Ten people were killed. The calamity has caused serious burns and respiratory injury to many, destroyed or damaged hundreds of homes, farms and businesses and precipitated enormous lasting environmental damage. It has also exposed many urgent and hitherto virtually unconsidered questions facing this formerly communist-dominated region over disaster relief and management, transparency in commercial development planning and the establishment of an industrial safety culture. The European Union (EU), to which much of this region belongs, may well examine these issues during Hungary’s six-month turn at the organization’s rotating presidency that began on January 1.
 
The broken reservoir near the Slovenian, Slovakian and Austrian borders had been identified by the International Commission for the Protection of the River Danube as one of some 100 serious threats to the environment of Europe’s second-longest waterway. Its list includes 32 contaminated sights in Hungary alone, 25 in Romania and 18 in Slovakia. Many dumps are sited along the vulnerable flood plains of the Danube basin that sustains some 83m people in 19 countries.
 
Viktor Orbán, the Hungarian prime minister, blames Magyar Aluminium Rt. (MAL), the owners of the local Ajkai Timföldgyár plant, for the red sludge disaster. “Everyone would have perished if this thing had struck at night,“ he declared. “What irresponsibility! I cannot find words.”
 
Three counties are still in a state of emergency. This is an area of gentle, cultured, rolling hills and ancient churches north of Lake Balaton, hitherto a traditional playground of Europe. Its fertile slopes support vineyards thriving on the region's famous volcanic soil. The rich and varied wildlife stock of the local woodlands has been for generations a magnet for hunters and nature lovers. But the well-watered valleys are now marred by the carcases of deer and wild boar as well as smaller game marked by the lethal red mud.
 
The plant employing 1,100 local people has resumed production — although specialists have warned that a second rupture of the reservoir walls may still be possible. The financial assets of the company have been frozen and its management placed under government supervision.
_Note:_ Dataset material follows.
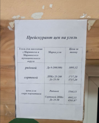 Судя по прейскуранту, за тонну рядового угля там просят 1 095,12 рубля, сортового – 1 717,20 рубля. Сверхнормативные цены: 3 544,13 рубля за рядовой и 4 363–4 662 рублей за сортовой.

Emergency legislation has been passed by Parliament in Budapest to provide for its effective re-nationalization.
 
Árpád Bakonyi, a 30% shareholder of MAL and one of the 30 wealthiest Hungarians, is a close business associate of Ferenc Gyurcsány, the former prime minister whose socialist administration was recently replaced by Orbán’s ultra-conservative government following landslide elections in April. Bakonyi‘s son Zoltán, the managing director of the company, was arrested on criminal negligence charges. He was released by a judge two days later in the absence of evidence.
 
György Bakondi, the newly appointed government commissioner for disaster mitigation and management, announced less than a month after the flood that all similar waste reservoirs elsewhere in the country had been immediately inspected and found entirely reliable. But Hungarian environment protection groups believe that potential disasters are looming in seven waste reservoirs north of Budapest holding 12m tons of red sludge.
 
Mayor Károly Tili of Kolontár, the town worst affected by the flood, responds that the authorities had issued a safety certificate for the local reservoir only days before the disaster. “My people are entitled to be very distrustful,” he observes. “We need help — but we cannot trust a word of advice that we receive.“
 
The dams enclosing the 300×450-metre MAL waste reservoir burst in the afternoon of October 4, releasing 1m cubic-metres of highly alkaline sludge, a byproduct of aluminium manufacture, containing arsenic and a potent mixture of heavy metals. The flood inundated low-lying areas of Kolontár and the adjacent towns of Devecser and Somlóvásárhely. It struck without warning, wrecking homes, toppling cars and heavy farm machinery and ruining agricultural lands.
 
Local people speak of a “red tsunami”. They were totally unprepared. A small child was torn by the tide from the arms of her stunned mother. A farmer was swept to his death from his four-wheel drive vehicle when he set out to rescue neighbours.
 
Some 800 Kolontár residents were briefly evacuated. Some 6,000 others in Devecser were ordered to prepare for evaluation at short notice in case the weakened walls of the chemical waste pool should release a second deadly torrent. Ominous movements and fresh cracks are still appearing in the dykes, but the authorities have now erected a second, 1,500-metre long emergency structure to prevent a repeat of the calamity.
 
The sludge has reduced Kolontár’s lush parks and gardens into burnt wastelands. Public health crews equipped with protective gear are racing to remove the debris of the disaster from the residential areas. A bridge spanning a stream crossing Kolontár has been re-built. The streets are being sprinkled, but the dry weather has turned the sludge into a ubiquitous, fine, ochre-red toxic dust carried by the winds.
 
A communique issued by the Hungarian Academy of Sciences asserts that the air is safe to breathe provided it is done through appropriate filters — which, as a rule, the residents do not use. One sighs: “The academicians can say what they like. I know what I feel. I feel sick when I breathe in the open for more than a few minutes.”
 
The government’s efforts to lay the blame on MAL has encouraged insurance companies to decline to compensate property owners on the grounds that the dam burst was probably not a natural disaster. Some residents said they experienced immediate financial pressure from their mortgage providers because their ruined homes had lost their collateral value. The government proposes to provide an emergency 100,000-forint grant to each affected family towards the cost of medicines and winter fuel.
 
MAL denies liability, but it has offered to set up a 1.5bn-forint ($7.3m) sympathy fund for victims. Zoltán Illés, the secretary of state for the environment, reckons the company will pick up a 20.1bn-forint fine. MAL has a listed capital base of 3bn forints. The company was privatised in 1995 when many obsolete, polluting state-owned enterprises passed into private hands at huge profits. It has access to technologies employed in the West for the conversion of such wastes into harmless substances, but it has never employed them.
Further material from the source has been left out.